While her opponent sends corporate-funded mailers, Fatima Iqbal-Zubair delivers emergency supplies to neighbors.
On a shiny May afternoon, Fatima Iqbal-Zubair is gazing longingly over bags of groceries in her driveway. “Oh my god, I can’t believe I’m fasting,” she says. “Cream of wheat? This looks sooo good.”
Until last August, Fatima taught chemistry and lead a successful robotics team at the Jordan High School Complex in Watts — now she’s running for State Assembly against Mike Gipson in District 64, one of the most polluted districts in Los Angeles and one of the most vulnerable to the effects of COVID-19, which disproportionately targets communities with poor air quality.

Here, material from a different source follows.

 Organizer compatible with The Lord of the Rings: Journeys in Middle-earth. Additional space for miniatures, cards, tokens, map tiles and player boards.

When quarantine began, Fatima transformed her upstart campaign into a mutual aid program for her district, delivering necessary food and supplies to seniors — all during Ramadan. If elected, she would be the first ever Muslim person to join the State Assembly.
Fatima decided to run for office in part because her students in Watts didn’t have clean drinking water.

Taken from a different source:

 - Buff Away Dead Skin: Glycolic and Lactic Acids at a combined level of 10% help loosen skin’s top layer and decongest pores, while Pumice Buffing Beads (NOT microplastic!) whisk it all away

Toxic pipes beneath the school were never replaced — another example of environmental racism in her district.
“When developers build for marginalized communities they don’t follow the environmental code they would for a development, honestly, in a more privileged community,” she says.
District 64 encompasses the neighborhoods of Broadway-Manchester, Willowbrook, Watts, Compton, Wilmington and Carson, among others, and has a population of roughly 466,000. Until redlining forced black Angelenos into the area, the district was just oil country, home to the Wilmington oil field, the third largest oil field in the contiguous United States.
Today, 25% of the oil wells in all of California lie in district 64, and its residents are plagued by neighborhood drilling. Refineries and major highways further poison the air — in 2010, south Los Angeles had one of the highest rates of asthma-related hospitalization and emergency room visits in the county, while west LA had the lowest.
Fatima has been endorsed by Sunrise Los Angeles and Our Revolution, and is running for office to fight for a Green New Deal not just in California as a state but in her district too, on the local level, where politicians have sold out their constituents to big oil since prospectors drilled their first wells over a century ago. She hopes mutual aid can demonstrate that not all leaders will do the same.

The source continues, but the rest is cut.